Here is a sample session: 
\begin{ttbox}
listn.mk_cases "<i,Nil> : listn(A)";
{\out "[| <?i, []> : listn(?A); ?i = 0 ==> ?Q |] ==> ?Q" : thm}
listn.mk_cases "<i,Cons(a,l)> : listn(A)";
{\out "[| <?i, Cons(?a, ?l)> : listn(?A);}
{\out     !!n. [| ?a : ?A; <n, ?l> : listn(?A); ?i = succ(n) |] ==> ?Q }
{\out  |] ==> ?Q" : thm}
\end{ttbox}
Each of these rules has only two premises.  In conventional notation, the
second rule is
\[ \infer{Q}{\pair{i, \Cons(a,l)}\in\listn(A) & 
          \infer*{Q}
             {\left[\begin{array}{l}
               a\in A \\ \pair{n,l}\in\listn(A) \\ i = \succ(n)
               \end{array} \right]_{n}}}
\]
The package also has built-in rules for freeness reasoning about $0$
and~$\succ$.  So if $x$ is $\pair{0,l}$ or $\pair{\succ(i),l}$, then {\tt
listn.mk\_cases} can deduce the corresponding form of~$l$. 

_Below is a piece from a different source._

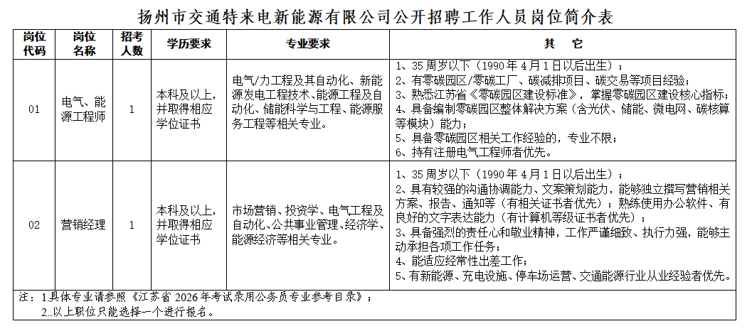附件:1、《扬州市交通特来电新能源有限公司公开招聘人员岗位表》;2、报名材料清单;3、《江苏省2026年度考试录用公务员专业参考目录》。
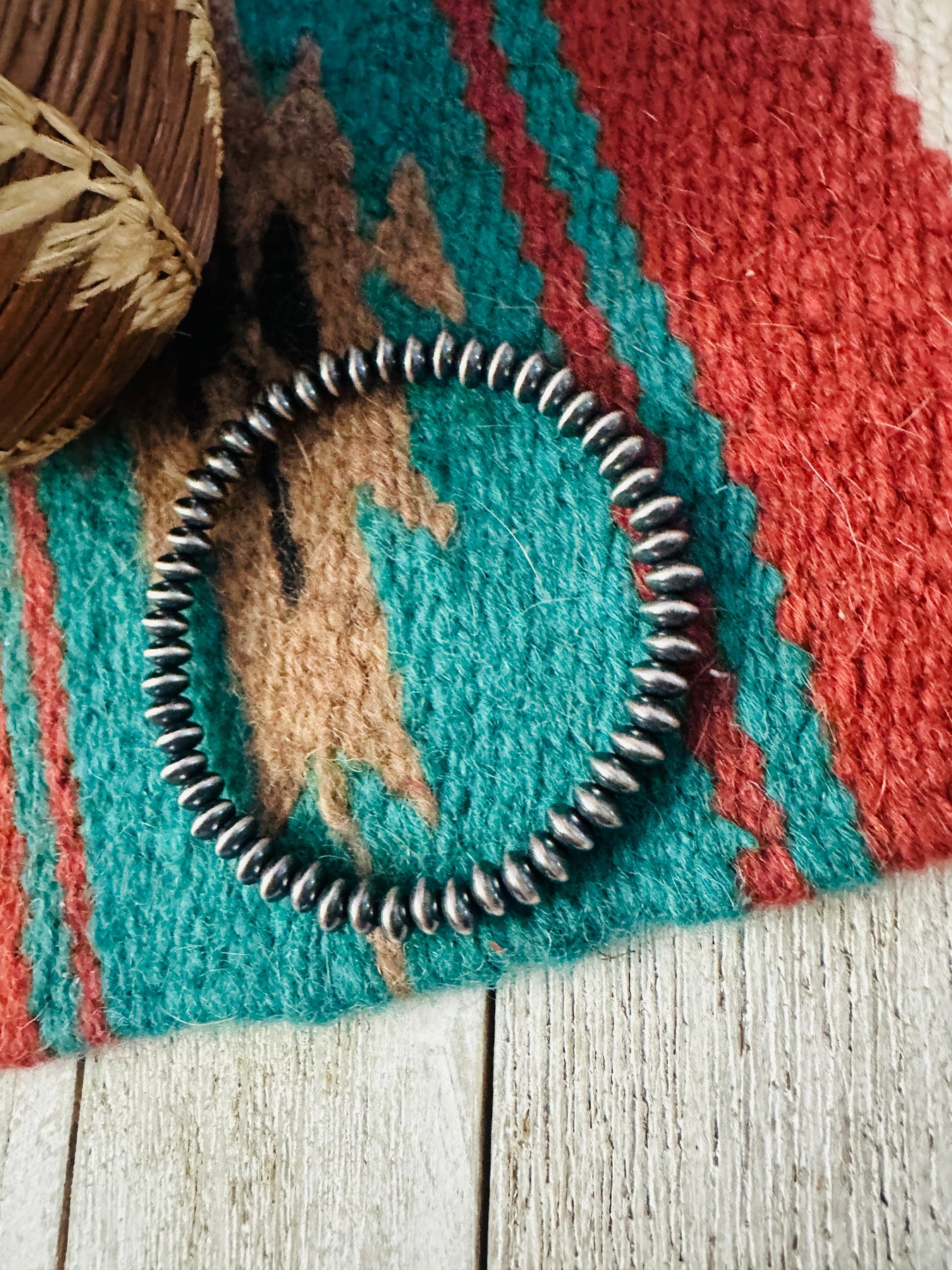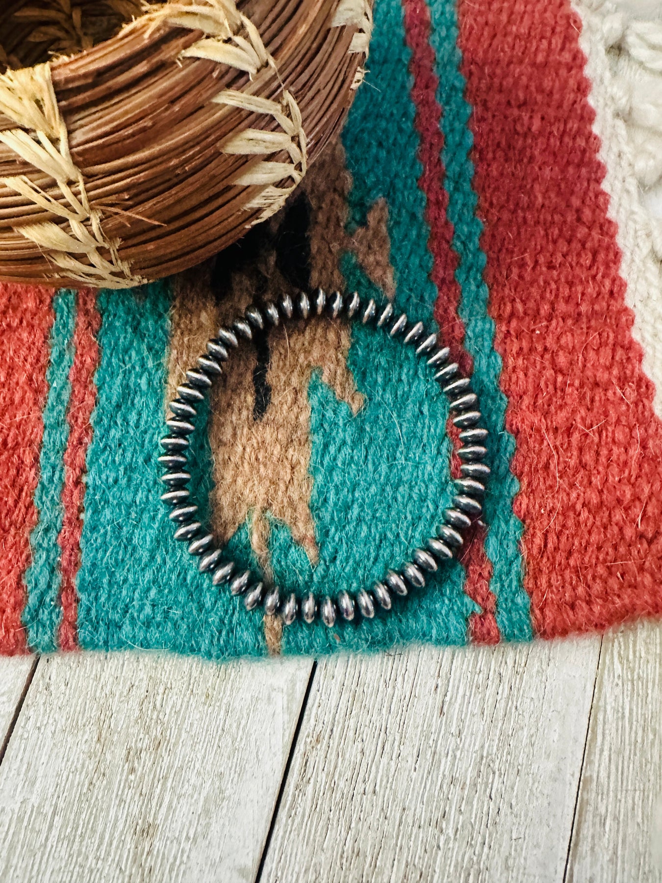 Beautiful handcrafted Sterling Silver 5mm Saucer Bead Stretch Bracelet. Perfect for stacking! Stretchy to fit most wrist sizes.

The function {\tt mk\_cases} is also useful with datatype definitions.  The
instance from the definition of lists, namely {\tt list.mk\_cases}, can
prove that $\Cons(a,l)\in\lst(A)$ implies $a\in A $ and $l\in\lst(A)$:
\[ \infer{Q}{\Cons(a,l)\in\lst(A) & 
                 & \infer*{Q}{[a\in A &l\in\lst(A)]} }
\]
A typical use of {\tt mk\_cases} concerns inductive definitions of evaluation
relations.  Then rule inversion yields case analysis on possible evaluations.
For example, Isabelle/\textsc{zf} includes a short proof of the
diamond property for parallel contraction on combinators.  Ole Rasmussen used
{\tt mk\_cases} extensively in his development of the theory of
residuals~\cite{rasmussen95}.


\subsection{A coinductive definition: bisimulations on lazy lists}
This example anticipates the definition of the codatatype $\llist(A)$, which
consists of finite and infinite lists over~$A$.  Its constructors are $\LNil$
and~$\LCons$, satisfying the introduction rules shown in~\S\ref{coind-sec}.  
Because $\llist(A)$ is defined as a greatest fixedpoint and uses the variant
pairing and injection operators, it contains non-well-founded elements such as
solutions to $\LCons(a,l)=l$.

The next step in the development of lazy lists is to define a coinduction
principle for proving equalities.  This is done by showing that the equality
relation on lazy lists is the greatest fixedpoint of some monotonic
operation.  The usual approach~\cite{pitts94} is to define some notion of 
bisimulation for lazy lists, define equivalence to be the greatest
bisimulation, and finally to prove that two lazy lists are equivalent if and
only if they are equal.  The coinduction rule for equivalence then yields a
coinduction principle for equalities.

A binary relation $R$ on lazy lists is a \defn{bisimulation} provided $R\sbs
R^+$, where $R^+$ is the relation
\[ \{\pair{\LNil,\LNil}\} \un 
   \{\pair{\LCons(a,l),\LCons(a,l')} . a\in A \conj \pair{l,l'}\in R\}.
\]
A pair of lazy lists are \defn{equivalent} if they belong to some
bisimulation.  Equivalence can be coinductively defined as the greatest
fixedpoint for the introduction rules
\[  \pair{\LNil,\LNil} \in\lleq(A)  \qquad 
    \infer[(-)]{\pair{\LCons(a,l),\LCons(a,l')} \in\lleq(A)}
          {a\in A & \pair{l,l'}\in \lleq(A)}
\]
To make this coinductive definition, the theory file includes (after the
declaration of $\llist(A)$) the following lines:
\bgroup\leftmargini=\parindent
\begin{ttbox}
consts    lleq :: i=>i
coinductive
  domains "lleq(A)" <= "llist(A) * llist(A)"
  intrs
    LNil  "<LNil,LNil> : lleq(A)"
    LCons "[| a:A; <l,l'>:lleq(A) |] ==> <LCons(a,l),LCons(a,l')>: lleq(A)"
  type_intrs  "llist.intrs"
\end{ttbox}
\egroup
The domain of $\lleq(A)$ is $\llist(A)\times\llist(A)$.  The type-checking
rules include the introduction rules for $\llist(A)$, whose 
declaration is discussed below (\S\ref{lists-sec}).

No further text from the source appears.